:: Data supplied
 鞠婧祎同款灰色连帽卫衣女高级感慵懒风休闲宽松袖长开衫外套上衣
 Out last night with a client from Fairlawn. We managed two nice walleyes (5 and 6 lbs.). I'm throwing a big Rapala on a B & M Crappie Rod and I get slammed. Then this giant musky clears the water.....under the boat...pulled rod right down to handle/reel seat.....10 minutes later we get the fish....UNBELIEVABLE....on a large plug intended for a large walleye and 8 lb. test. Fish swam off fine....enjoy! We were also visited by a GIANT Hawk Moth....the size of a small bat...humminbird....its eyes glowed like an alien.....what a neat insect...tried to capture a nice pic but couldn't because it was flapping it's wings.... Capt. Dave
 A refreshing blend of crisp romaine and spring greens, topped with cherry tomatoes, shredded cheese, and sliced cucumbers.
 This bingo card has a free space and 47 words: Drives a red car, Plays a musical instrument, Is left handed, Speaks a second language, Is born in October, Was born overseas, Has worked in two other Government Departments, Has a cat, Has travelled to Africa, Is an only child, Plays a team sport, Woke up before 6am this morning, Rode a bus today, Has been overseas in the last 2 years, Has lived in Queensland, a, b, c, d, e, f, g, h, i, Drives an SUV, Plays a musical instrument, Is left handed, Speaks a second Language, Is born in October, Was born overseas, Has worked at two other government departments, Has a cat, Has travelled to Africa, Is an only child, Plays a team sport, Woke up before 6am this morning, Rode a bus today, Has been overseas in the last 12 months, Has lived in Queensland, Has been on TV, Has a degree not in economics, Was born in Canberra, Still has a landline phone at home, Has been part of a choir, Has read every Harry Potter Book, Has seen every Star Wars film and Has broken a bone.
::::
:: Data supplied
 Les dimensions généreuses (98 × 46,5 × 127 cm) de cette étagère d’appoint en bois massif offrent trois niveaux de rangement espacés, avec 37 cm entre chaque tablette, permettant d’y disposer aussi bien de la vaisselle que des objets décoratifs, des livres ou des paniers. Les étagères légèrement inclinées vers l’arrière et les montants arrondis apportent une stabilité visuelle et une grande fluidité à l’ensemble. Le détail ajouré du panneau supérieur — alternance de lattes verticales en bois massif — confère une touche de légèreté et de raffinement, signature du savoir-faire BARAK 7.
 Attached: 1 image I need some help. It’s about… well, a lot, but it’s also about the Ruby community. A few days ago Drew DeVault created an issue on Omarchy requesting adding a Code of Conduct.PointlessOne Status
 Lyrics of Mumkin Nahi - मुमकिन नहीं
::::
— Problem to work on —
The lines above from the one containing "鞠婧祎同款灰色连帽卫衣女高级感慵懒风休闲宽松袖长开衫外套上衣" through the one containing "This bingo card" are to be set down exactly, and no others.

— Exercise answer —
 鞠婧祎同款灰色连帽卫衣女高级感慵懒风休闲宽松袖长开衫外套上衣
 Out last night with a client from Fairlawn. We managed two nice walleyes (5 and 6 lbs.). I'm throwing a big Rapala on a B & M Crappie Rod and I get slammed. Then this giant musky clears the water.....under the boat...pulled rod right down to handle/reel seat.....10 minutes later we get the fish....UNBELIEVABLE....on a large plug intended for a large walleye and 8 lb. test. Fish swam off fine....enjoy! We were also visited by a GIANT Hawk Moth....the size of a small bat...humminbird....its eyes glowed like an alien.....what a neat insect...tried to capture a nice pic but couldn't because it was flapping it's wings.... Capt. Dave
 A refreshing blend of crisp romaine and spring greens, topped with cherry tomatoes, shredded cheese, and sliced cucumbers.
 This bingo card has a free space and 47 words: Drives a red car, Plays a musical instrument, Is left handed, Speaks a second language, Is born in October, Was born overseas, Has worked in two other Government Departments, Has a cat, Has travelled to Africa, Is an only child, Plays a team sport, Woke up before 6am this morning, Rode a bus today, Has been overseas in the last 2 years, Has lived in Queensland, a, b, c, d, e, f, g, h, i, Drives an SUV, Plays a musical instrument, Is left handed, Speaks a second Language, Is born in October, Was born overseas, Has worked at two other government departments, Has a cat, Has travelled to Africa, Is an only child, Plays a team sport, Woke up before 6am this morning, Rode a bus today, Has been overseas in the last 12 months, Has lived in Queensland, Has been on TV, Has a degree not in economics, Was born in Canberra, Still has a landline phone at home, Has been part of a choir, Has read every Harry Potter Book, Has seen every Star Wars film and Has broken a bone.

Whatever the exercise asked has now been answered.